People who have been in prison have also described the experience as “dehumanising” and “humiliating”, designed to make someone feel low and bad about themselves. Nazeri showed signs of low self-esteem when he was out of prison. He’d tell Nazira that he felt that people looked down on him, and that he felt like “sampah masyarakat (trash of society)”.
As an introvert, he kept things close to his heart and didn’t talk much about his feelings. But Nazira is sure that the sense of societal rejection and scorn — of being seen as “sampah masyarakat” — ate away at him. “My brother is not a strong person. He cannot take criticism, he cannot take hardship, he cannot take all these things, he’s more soft-soft one,” she says. Once, when he was living with her after release, she’d taken issue with his relapsing into drug use. He picked up a knife and threatened to end his life if she were to kick him out of the house. “Naz, society looks down on me. I’m the worst person in society,” she remembers him telling her.
“I just went to the room and cried,” she says. “I [couldn’t] say anything. I [was] so helpless.”
Nazeri was eventually caught and sent back to prison again.
The capital case
As the years stretched into decades, Nazira watched this favourite brother going in and out of prison. But his last case escalated far beyond what she could have ever imagined as a worst case scenario.

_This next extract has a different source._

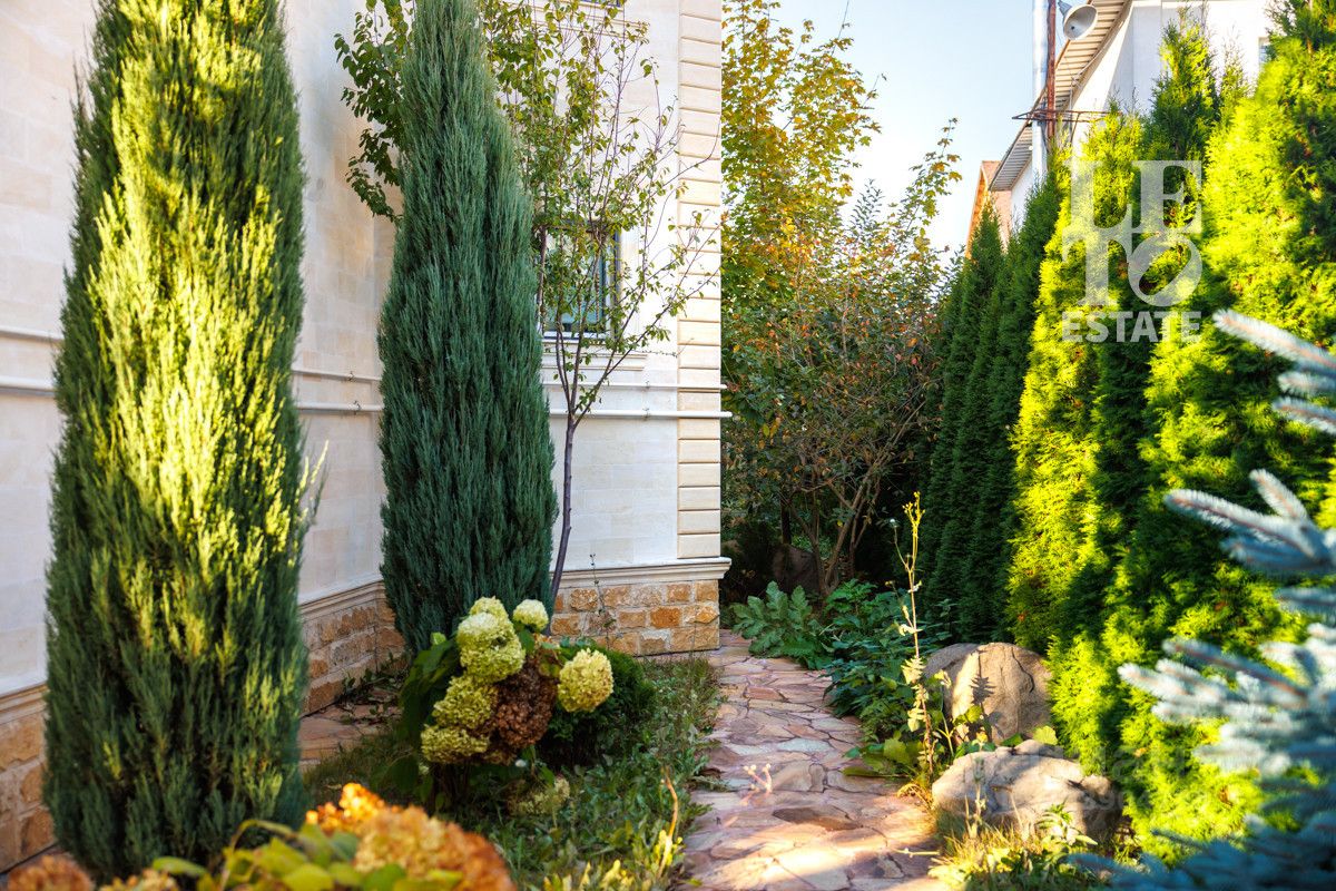 Территория участка полностью огорожена, въездная группа и гаражные ворота автоматические, дорожки выложены из натурального камня. По всей территории установлены: система видеонаблюдения, освещение, а также автополив и дренаж участка. Дополнительно на участке построена закрытая беседка с зоной отдыха и BBQ.

In the early hours of 13 April 2012, Nazeri was arrested alongside Dominic Martin Fernandez, a young Malaysian in his 20s. Dominic had passed Nazeri two bundles, bound by black tape, which were found to contain “not less than 35.41 grams of diamorphine [heroin]”. In return, Nazeri had given him two envelopes containing $10,450. Both were eventually charged with trafficking 35.41g of heroin — above the 15g heroin threshold for the mandatory death penalty.
Nazeri did not deny that he’d intended to sell heroin — something that many people who are addicted to drugs do, to sustain their own consumption. What he argued in his defence was that he had only ordered one bundle of heroin, which he had planned to repack into smaller packets, some of which he’d keep for himself, while selling the others. According to Nazeri’s account of how much he would have kept for his own use, the remaining amount of heroin left for sale would have dropped below the threshold for the death penalty. He said he had no idea why Dominic had brought him two bundles.

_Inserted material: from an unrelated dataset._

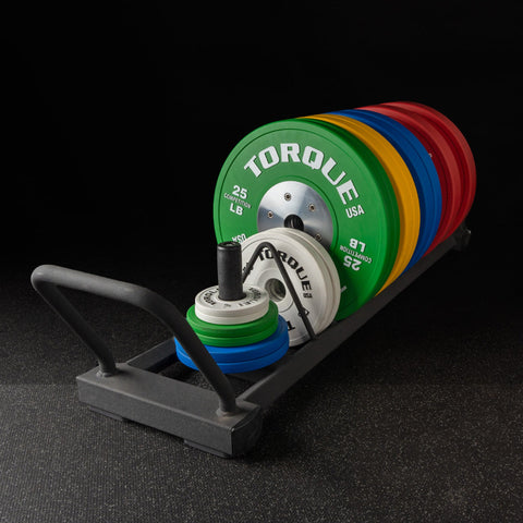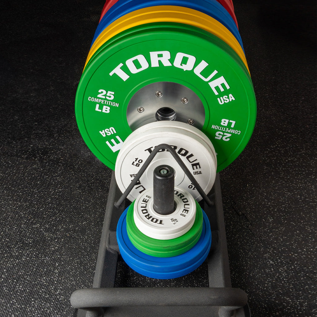 Nylon covered post stores smaller weight plates and collars

However, his lawyer didn’t put this to Nazeri’s co-accused during cross-examination at the trial. Even though Dominic’s responses in court asserted that both bundles were meant for Nazeri, the trial judge observed that “[Nazeri’s] counsel appeared satisfied with [Dominic’s answers] and went no further even though they contradicted Nazeri’s account that he asked Dominic why there were two bundles.”
The judge also observed:
“Counsel also did not cross-examine Dominic on his recollection in paragraph 11 of his investigation statement that Nazeri told him before they met that he would be taking two bundles from him.
Counsel’s passivity extended to his examination of Nazeri. He did not tell him about what Dominic had stated and seek his response to it. One would expect that to be brought up if Nazeri did not agree with it.”
During the trial, Nazeri also claimed that he actually consumed more heroin than he’d stated in the statement he gave to the investigators. He alleged that he’d changed his statement upon the urging of the police, as they had not believed that he was such a heavy user. However, the judge noted that “those allegations were not put to the recording officer, interpreter or any other CNB officer during the trial.”
Ultimately, the trial judge did not buy Nazeri’s defence, ruling that he’d been the intended recipient of both bundles of drugs, and that his heroin consumption was what he’d stated in the police statement and not what he’d claimed in court. On this basis, the amount of heroin meant for sale exceeded the threshold for the mandatory death penalty. Nazeri was sentenced to death on 21 September 2017. Dominic, on the other hand, was found to have been merely a courier, and was also certified as having “rendered substantive assistance” to the Central Narcotics Bureau. He was given a life sentence and 15 strokes of the cane.
Nazeri’s appeal was dismissed in July 2018. In 2021, Nazeri — now represented by human rights lawyer M Ravi — filed a review application to the court, arguing that there had been new legal developments in the law, that a psychiatric report could prove his heavy use of heroin, and that his former defence lawyer had provided “inadequate legal assistance”. In response to that latter point, Nazeri’s former legal counsel, James Masih, wrote a letter that the ended:
“In Conclusion, I wish to say that I honestly did my best for the Applicant at the trial and at the Appeal. On hindsight I accept that I overlooked certain matters which could have helped the defence of the Applicant. I humbly leave the matter to the Honourable Court to make such orders as may be deemed appropriate on the application of Nazeri Bin Lajim.”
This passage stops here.